The proof does not demonstrate that $p(\overline x)=\overline{p(x)}$ *. It is left 'as an exercise for the reader'.

Here are the missing steps. We write $p(x)=\sum_{k=0}^n a_kx^k$:

\begin{align*}
p(\overline x)&=
\sum_{k=0}^n a_k\overline x^k\\
&=\sum_{k=0}^n a_k\pi(x)^k\\
&=\pi\left(\sum_{k=0}^n a_kx^k\right)\\
&\quad\quad\quad\textrm{[HERE we have used the homomorphism property to move the additions and multiplications inside the }\pi\textrm{ operator}]\\
&=\left(\sum_{k=0}^n a_kx^k\right) + (p(x))\\
&=p(x)+(px(x))\\
&=(p(x))\\
&=0_K
\end{align*}

* Indeed, depending on how one interprets the author's statement that $\overline x=\pi(x)$, the symbol string $\overline{p(x)}$ may not even be defined.

 

[Math Amateur]

The proof does not demonstrate that $p(\overline x)=\overline{p(x)}$ *. It is left 'as an exercise for the reader'.

Here are the missing steps.
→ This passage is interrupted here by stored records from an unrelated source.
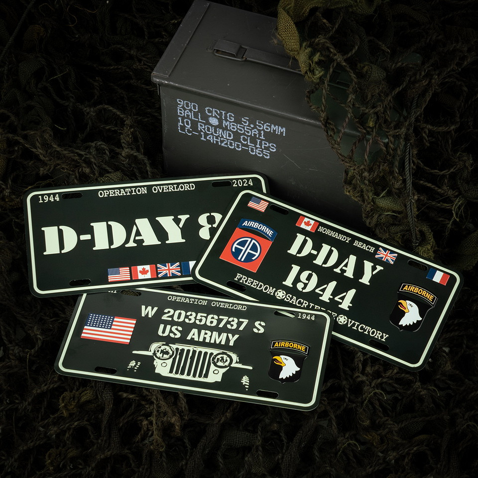 Check ons nieuwe Nummerplaat D-Day Willys. De nummerplaat heeft een D-Day/ Operation Overlord thema en verder staan er mooie emblemen op zoals de Amerikaanse vlag en Airborne. Perfect om in je huis aan de muur op te hangen!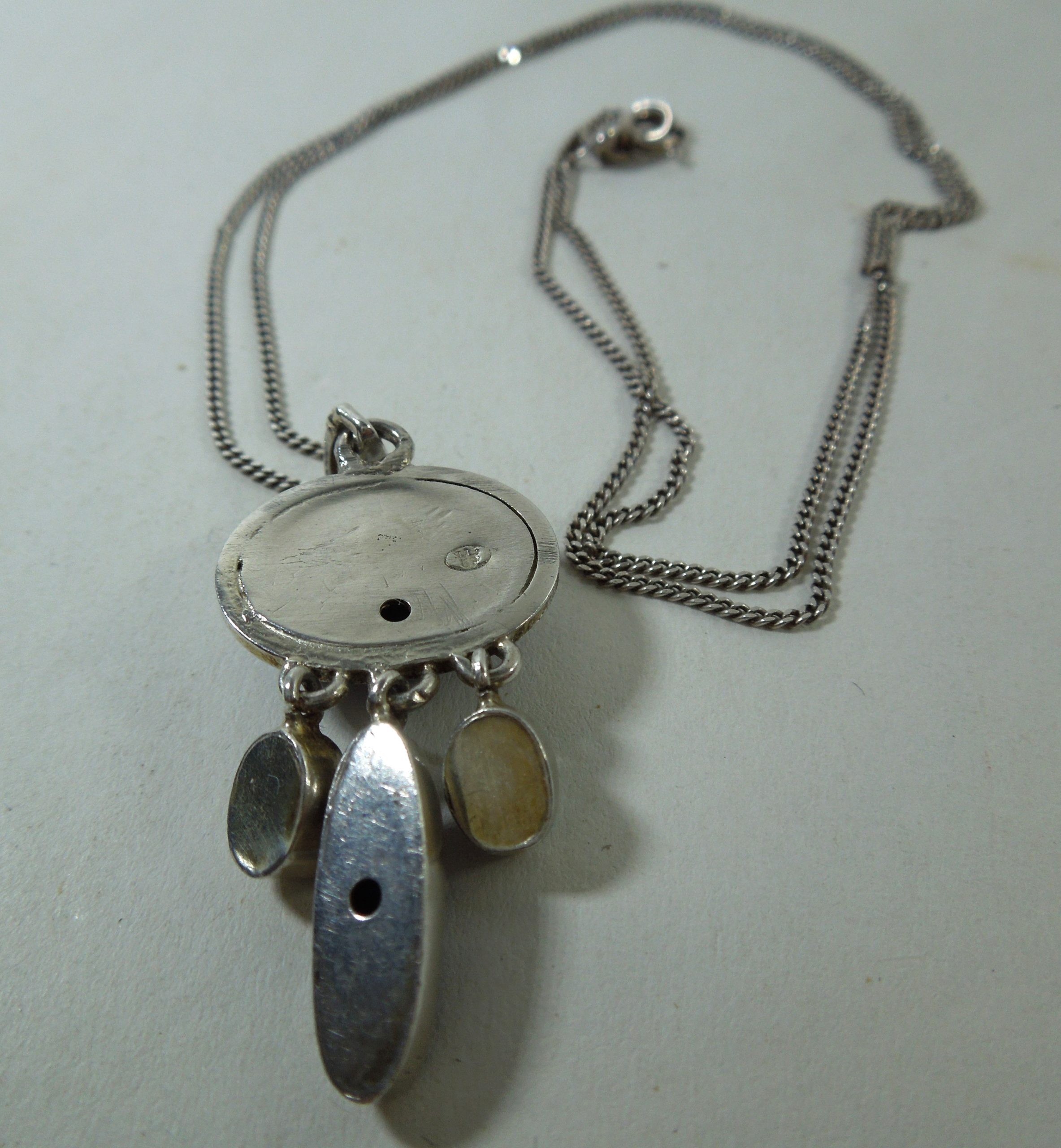 This unusual piece measures 4cm in length including the bale x 1.8cm wide and comes on a 46cm (18”) silver chain. The back of the pendant has a crown stamp indicating silver and is probably of European origin.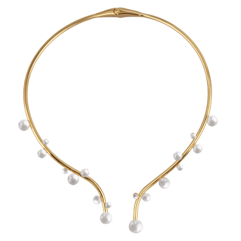 Изготовлено из ювелирного сплава на основе латуни с гальваническим покрытием золотом. Изделие украшает майорский круглый жемчуг темно-серого цвета диаметром 4-10мм. Пружинный механизм отвода.
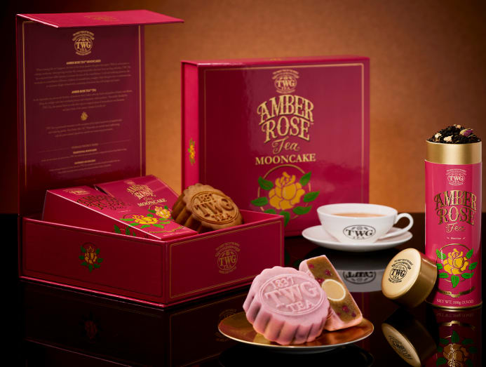 TWG Tea’s Amber Rose Mooncake Collection makes impressive gifts. Each box comes with a pair of mooncakes in flavours like Blossom (snow skin mooncakes filled with French Earl Grey-infused white lotus paste and mandarin lotus cream truffle) or Amber (Amber Rose Tea-infused white lotus paste with raspberry pearls and a lychee confit truffle). The set comes with a canister of Amber Rose Tea, a blend of black tea with silver tips, rose blossoms and juicy fruits of the season. Available at TWG Tea stores.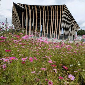 あいの土山の隈研吾先生の建物とコスモス。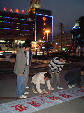 今天同样在完美的工作人员的帮忙下做了签字。条幅好像都快写满了!谢谢大家的支持!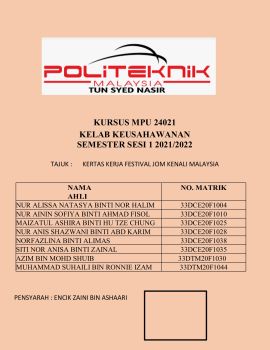 KERTAS KERJA FESTIVAL JOM KENALI MALAYSIA KOKO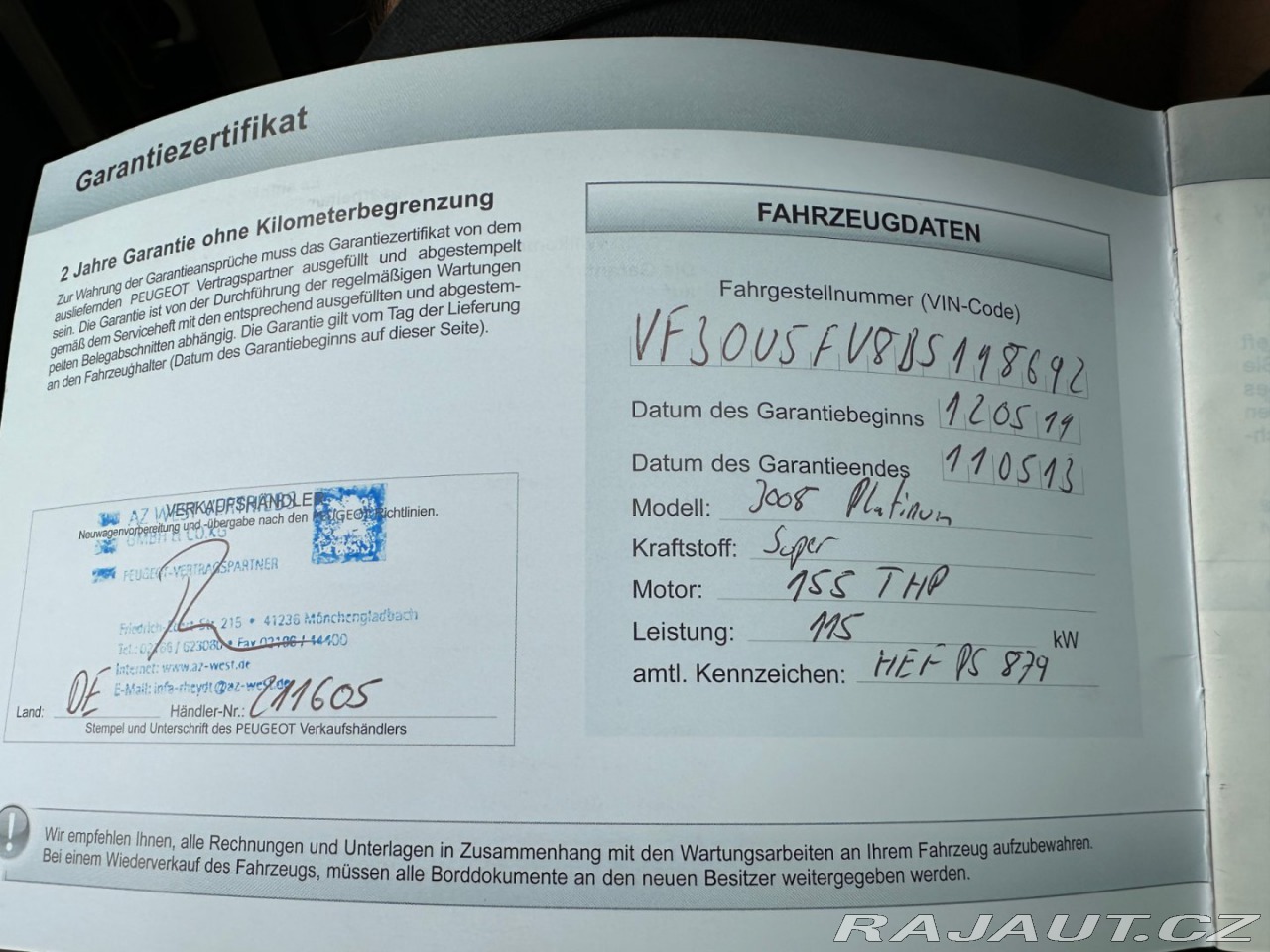 | Doplňující popis: | Koupeno u autorizovaného dealera v SRN, první majitel, nehavarované, servisní knížka. Na vozidlo poskytujeme 2 roky záruku a doživotní garanci na původ a počet najetých km. předprodejní servis - nová STK bude zajištěna při prodeji. Možnost úvěru. Financování zajišťujeme prostřednictvím ESSOX s.r.o. | |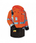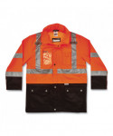 Class 3 outer shell jacket made of breathable poly keeps the rain out while letting perspiration escape. Black panels hide dirt in high wear areas. Fits over 8287 inner jacket to create a thermal 4-in-1 jacket. 2 ANSI-compliant 3M Scotchlite Reflective for visibility. Inset hood with drawstring and stoppers. A total of four pockets and a clear ID holder to keep personal items secure. Dual mic tabs for clipping radios.
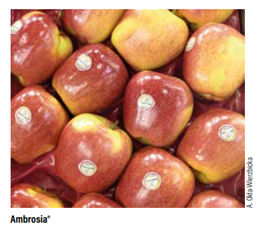 Ambrosia® to czerwone jabłko z różowym rumieńcem na jasnożółtym tle. Dodatkową zaletą tej odmiany jest wolno ciemniejący miąższ. W latach 90. państwo Sally i Wilfird Mennellowie znaleźli w swoim sadzie jabłoniowym w Kolumbii Brytyjskiej (Kanada) przypadkową siewkę. Jej pierwsze owoce były tak smaczne, że Mennellowie postanowili ją rozmnożyć. Szybko okazało się, że owoce z nowych drzewek były równie atrakcyjne i smaczne, co z drzewa matecznego. Odmiana została zarejestrowane w 1993 r. i w ciągu ostatnich 20 lat zyskała na popularności. Obecnie jest dostępna w sprzedaży na całym świecie. Logo marki Ambrosia® przedstawia przekrojony plasterek jabłka z jednym nasionem, symbolizując gwarancję jakości – tego, że w każdym jabłku Ambrosia® zawierają się wszystkie nieodparte cechy pochodzące od tej pierwszej, przypadkowej siewki.

We write $p(x)=\sum_{k=0}^n a_kx^k$:

\begin{align*}
p(\overline x)&=
\sum_{k=0}^n a_k\overline x^k\\
&=\sum_{k=0}^n a_k\pi(x)^k\\
&=\pi\left(\sum_{k=0}^n a_kx^k\right)\\
&\quad\quad\quad\textrm{[HERE we have used the homomorphism property to move the additions and multiplications inside the }\pi\textrm{ operator}]\\
&=\left(\sum_{k=0}^n a_kx^k\right) + (p(x))\\
&=p(x)+(px(x))\\
&=(p(x))\\
&=0_K
\end{align*}

* Indeed, depending on how one interprets the author's statement that $\overline x=\pi(x)$, the symbol string $\overline{p(x)}$ may not even be defined.

Thanks for the help, Andrew ...

Just now reflecting on what you have written... but at first sight, it seems very clear ...

Thanks again,

Peter

 

[Math Amateur]

Hi Andrew,

Thanks for you help ... BUT ... just a further issue on this topic ...

Why do we need to consider a mapping/homomorphism at all in proving that $p( \overline{x} ) = \overline{ p(x) }$ ...

Surely we can just prove that $p( \overline{x} ) = \overline{ p(x) }$ in the field $F[x] / ( p(x) )$ by simply considering the nature of the cosets of the quotient ... and in particular the rules for adding and multiplying cosets ...

I wonder whether we need $\pi$ at all in the proof of Theorem 3 ...

Can you comment ... ?

Peter

 

[andrewkirk]

Surely we can just prove that $p( \overline{x} ) = \overline{ p(x) }$ in the field $F[x] / ( p(x) )$ by simply considering the nature of the cosets of the quotient ... and in particular the rules for adding and multiplying cosets ...

The difficulty is that $\overline x$ is defined as $\pi(x)$, so we cannot even state the claim $p( \overline{x} ) = \overline{ p(x) }$, let alone prove it, unless we have defined $\pi$.

Also, recall that the key claim of Theorem 3 is that $K$ contains an isomorphic copy of $F$. The easiest way to demonstrate that is to create an injective homomorphism into $K$ from a field that is isomorphic to $F$. That injective homomorphism is $\pi|_{F'}$ where $F'$ is the subring of $F[x]$ consisting of polynomials of degree 0, which is isomorphic to $F$.

So we have $F\cong F'\cong Im\ \pi|_{F'}$. In the book they identify $F'$ with $F$ but I find it clearer in this context to highlight the difference.